About this exercise — Without the pictures, output the records below word for word.

Study material —
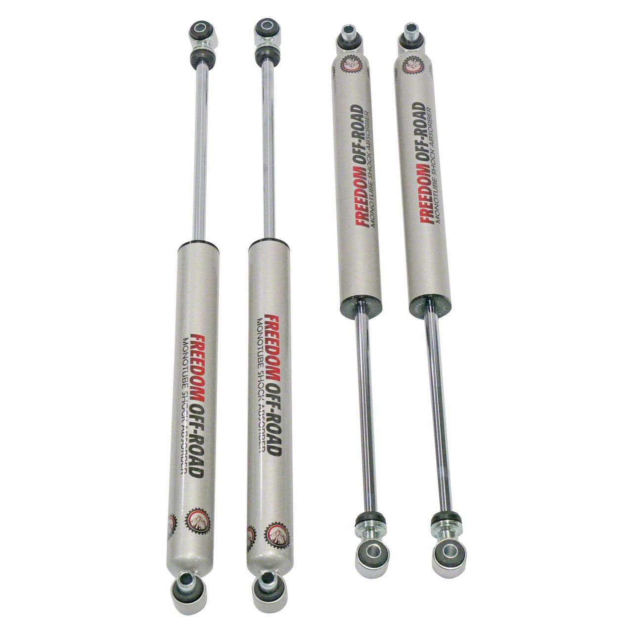 High-Performance Monotube Shocks. The Freedom Offroad Front and Rear Monotube Shocks are designed to enhance ride quality and control for Jeep owners with 2.5 to 4.5-inch lift kits. Featuring a high-performance monotube design, these shocks provide improved damping for a smoother ride on highways while offering excellent off-road performance for rugged terrain.
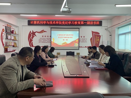 4月23日,计算机科学与技术学院党委举行党纪学习教育第一期读书班暨理论学习中心组专题学习会议。会议主题是深入学习贯彻中央、省委和学校党委有关党纪学习教育精神要求,认真学习领会新修订的《中国共产党纪律处分条例》,引导全体党员、干部进一步强化纪律意识、加强自我约束、提高免疫能力,始终做到忠诚干净担当,为助力辽宁全面振兴新突破三年行动、推动学院事业高质量发展提供坚强保障。学院党委书记王菲主持读书班并讲话,王军等六名党委委员出席会议,学院主管教学副院长张波列席会议。
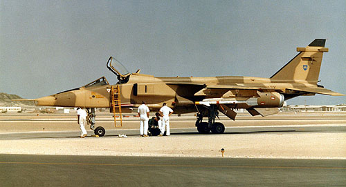 Sivatagi festéssel ellátott Jaguar az egyik ománi támaszponton. Jól bevált konstrukció, mely azonban már kiszolgálta az idejét
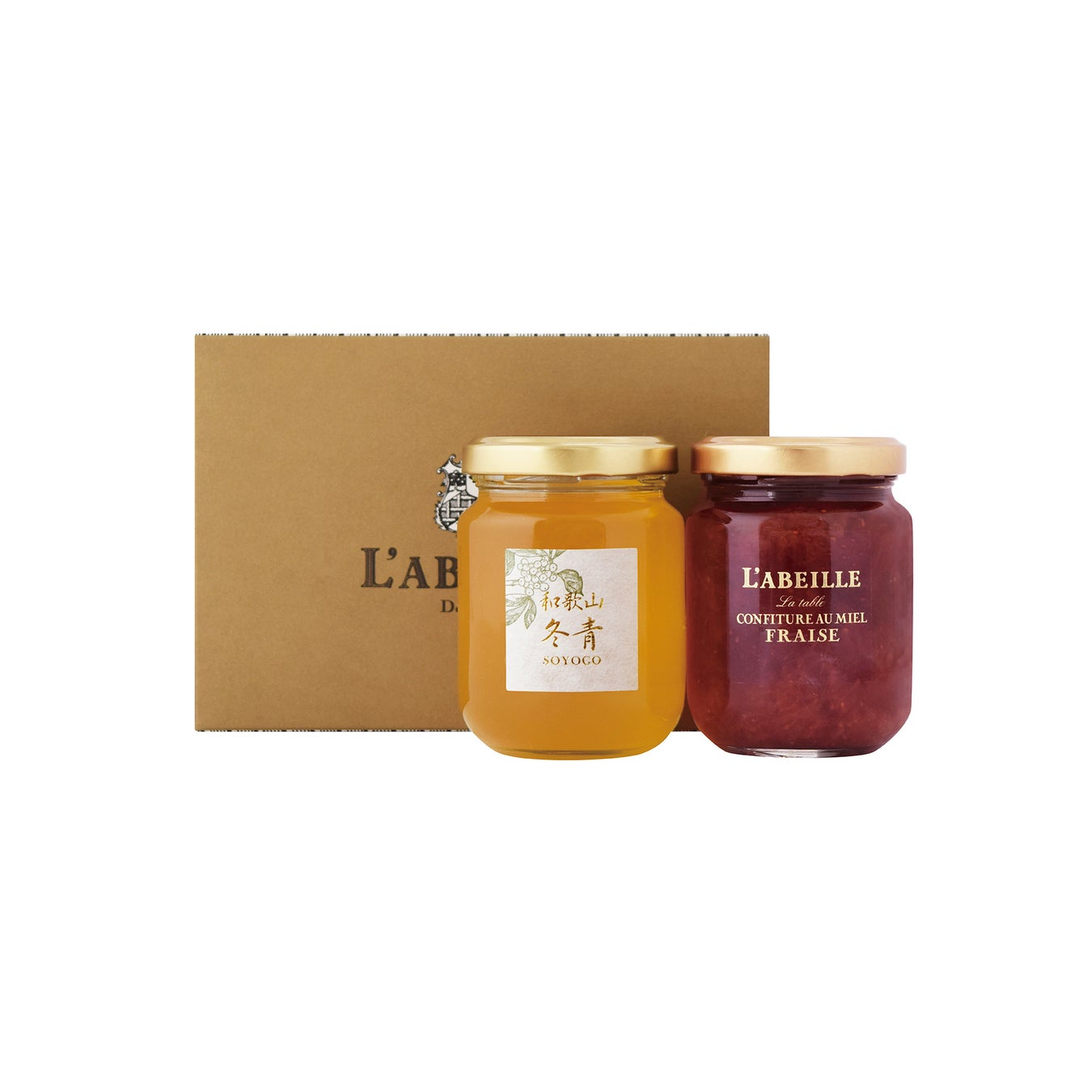■商品説明:縁起がよいと言われる冬青(そよご)のはちみつといちごのコンフィチュールのセット。紅白の色合いも新年のお祝いにぴったりです。お年賀ギフトにおすすめです。
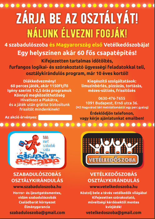 Történelmi körutazás a Felvidéken (4 nap, 3 éjszaka) Szállás: 3 éj (Dunaszerdahely) Finanszírozás: a pályázat az utazást, szállást, étkezést, belépődíjakat és 3 fő kísérőtanár munkadíját támogatja. Nem támogatja az idegenvezető díját és költségeit (általában 18.000 Ft/nap + szállás, étkezés). Ezt a költséget – ha igénylik – a csoportnak kell állnia. Önrész: 0 Ft, minimum 36 [...]bővebbenPost of Történelmi körutazás a Felvidéken on 2017 Nov 10th at 11:14:59
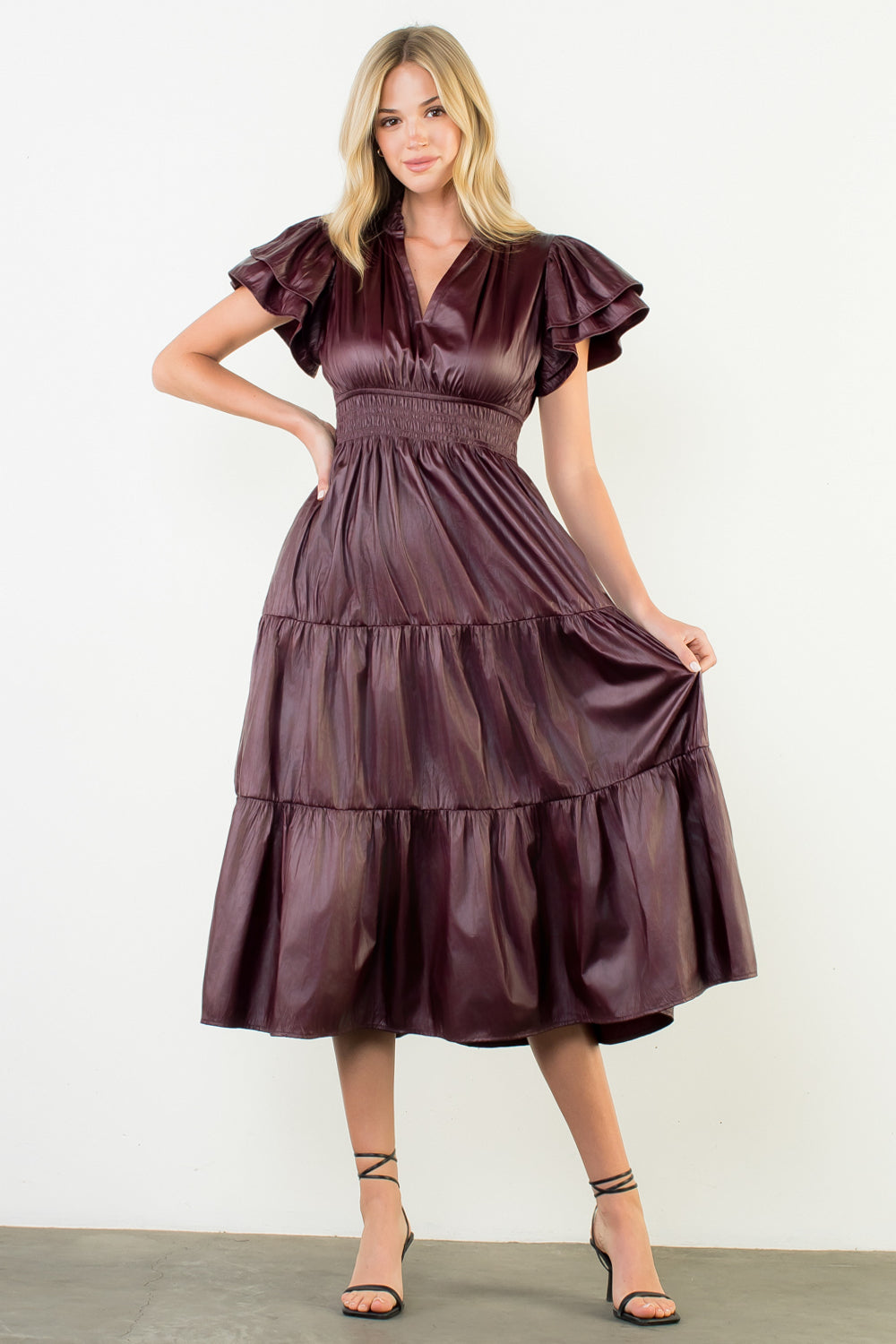 THML Faux Leather Midi Dress
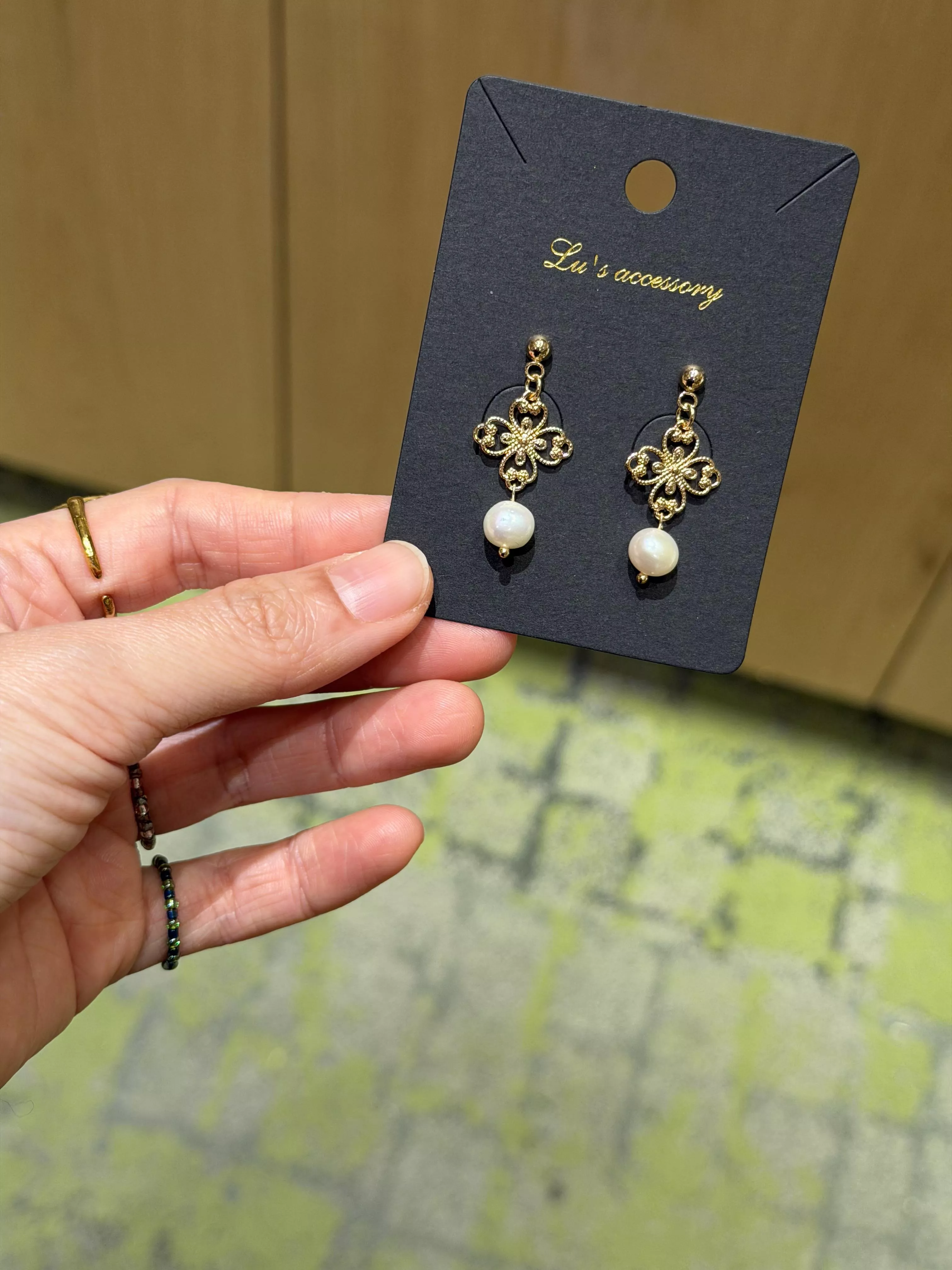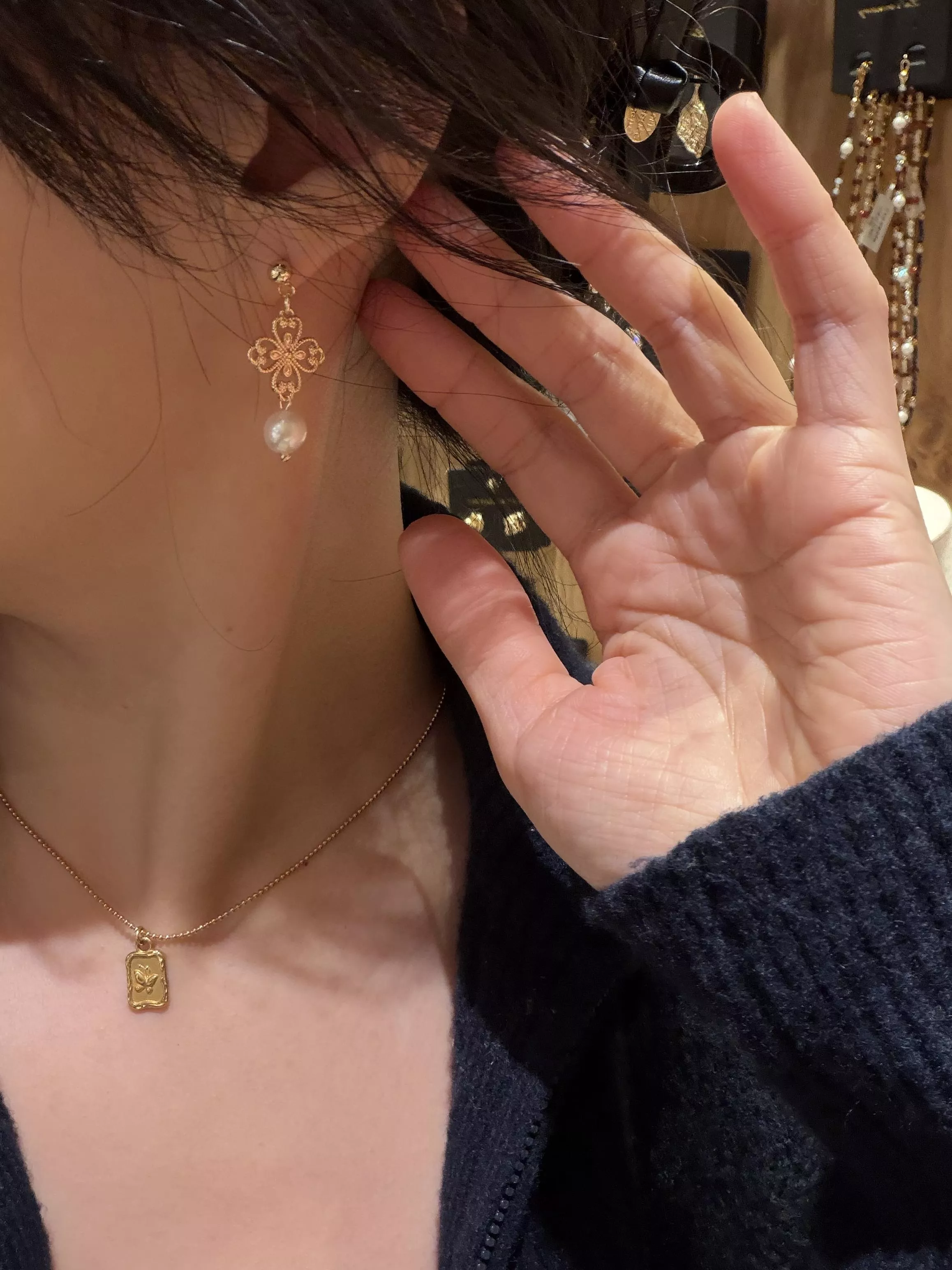 溫潤色澤勾勒出幾何對稱美學,下方墜著一顆微潤的淡水珍珠,宛如宮廷舞會中不經意流露的貴氣。

Reply to the exercise —
 High-Performance Monotube Shocks. The Freedom Offroad Front and Rear Monotube Shocks are designed to enhance ride quality and control for Jeep owners with 2.5 to 4.5-inch lift kits. Featuring a high-performance monotube design, these shocks provide improved damping for a smoother ride on highways while offering excellent off-road performance for rugged terrain.
 4月23日,计算机科学与技术学院党委举行党纪学习教育第一期读书班暨理论学习中心组专题学习会议。会议主题是深入学习贯彻中央、省委和学校党委有关党纪学习教育精神要求,认真学习领会新修订的《中国共产党纪律处分条例》,引导全体党员、干部进一步强化纪律意识、加强自我约束、提高免疫能力,始终做到忠诚干净担当,为助力辽宁全面振兴新突破三年行动、推动学院事业高质量发展提供坚强保障。学院党委书记王菲主持读书班并讲话,王军等六名党委委员出席会议,学院主管教学副院长张波列席会议。
 Sivatagi festéssel ellátott Jaguar az egyik ománi támaszponton. Jól bevált konstrukció, mely azonban már kiszolgálta az idejét
■商品説明:縁起がよいと言われる冬青(そよご)のはちみつといちごのコンフィチュールのセット。紅白の色合いも新年のお祝いにぴったりです。お年賀ギフトにおすすめです。
 Történelmi körutazás a Felvidéken (4 nap, 3 éjszaka) Szállás: 3 éj (Dunaszerdahely) Finanszírozás: a pályázat az utazást, szállást, étkezést, belépődíjakat és 3 fő kísérőtanár munkadíját támogatja. Nem támogatja az idegenvezető díját és költségeit (általában 18.000 Ft/nap + szállás, étkezés). Ezt a költséget – ha igénylik – a csoportnak kell állnia. Önrész: 0 Ft, minimum 36 [...]bővebbenPost of Történelmi körutazás a Felvidéken on 2017 Nov 10th at 11:14:59
 THML Faux Leather Midi Dress
 溫潤色澤勾勒出幾何對稱美學,下方墜著一顆微潤的淡水珍珠,宛如宮廷舞會中不經意流露的貴氣。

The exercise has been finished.